JP2002218753A - Switching power supply unit - Google Patents

Abstract

PROBLEM TO BE SOLVED: To apply flyback converters to a high-output power supply, by reducing ripple components contained in the input current and the output current of the flyback converters. SOLUTION: A second flyback converter, which shares a primary-side smoothing capacitor and a secondary-side smoothing capacitor of a first flyback converter, between the second flyback converter and the first flyback converter, is connected in parallel. A second switching element 2 of the second flyback converter is driven by an alternating-current signal produced at a tertiary winding 12c of a first transformer 12 of the first flyback converter.

Description

DETAILED DESCRIPTION OF THE INVENTION

[0001]

[0001] 1. Field of the Invention [0002] The present invention relates to a switching power supply, and more particularly to a technique for reducing a ripple component contained in an input current and an output current.

[0002]

2. Description of the Related Art Conventionally, a method called a half bridge or a full bridge has been used as means for reducing a ripple component of an input current and an output current of a switching power supply.

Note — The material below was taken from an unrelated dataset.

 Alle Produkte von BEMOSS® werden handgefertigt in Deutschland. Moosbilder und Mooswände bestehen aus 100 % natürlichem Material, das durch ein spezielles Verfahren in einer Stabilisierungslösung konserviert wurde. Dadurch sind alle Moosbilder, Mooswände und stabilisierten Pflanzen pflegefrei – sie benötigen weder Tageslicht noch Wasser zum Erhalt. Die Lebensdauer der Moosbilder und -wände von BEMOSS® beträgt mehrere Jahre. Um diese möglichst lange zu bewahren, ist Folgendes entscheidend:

FIG. 5 shows a principle diagram of a half bridge. However, the two switch elements 13a and 13b are alternately turned on and off alternately, and the two switch elements are not simultaneously turned on. When the switch element 13a is on, the current supplied from the DC power supply 21 passes through the primary winding 12a of the first transformer 12 and the capacitor 20b. At this time, the current flows through the primary winding from the top to the bottom of the figure. When the switch element 13b is turned on, the current flows through the primary winding 12a.
And the capacitor 20a, but flows through the primary winding from the bottom to the top of the figure.

Although the ON periods of the switching elements 13a and 13b do not exceed 50% of the cycle, the current of the DC power supply can widen the conduction angle to nearly 100% as shown in FIG. As a result, the ripple component included in the current of the DC power supply 21 decreases. The ripple component of the current flowing from the secondary windings 12b and 12d of the transformer to the second smoothing capacitor 16 is also reduced.

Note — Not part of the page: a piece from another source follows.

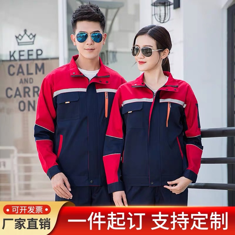 Setelan Baju Kerja Lengan Panjang Pria Pakaian Pabrik Tahan Aus Musim Semi dan Musim Gugur Pakaian Pekerja Perbaikan Otomatis Pakaian Pelepas Kerja Pembersihan Properti Reflektif

[0005] By reducing the ripple component,
There is an advantage that power loss caused by the DC resistance component of the DC power supply 21 is reduced. When the DC power supply has a filter circuit including a capacitor and an inductor, the ripple current flowing through the capacitor is also reduced, so that the power loss due to the equivalent series resistance of the capacitor is also reduced. The same applies to the output current on the secondary side.

[0006]

However, the conventional method has a disadvantage that a circuit for driving the switch elements 13a and 13b is complicated.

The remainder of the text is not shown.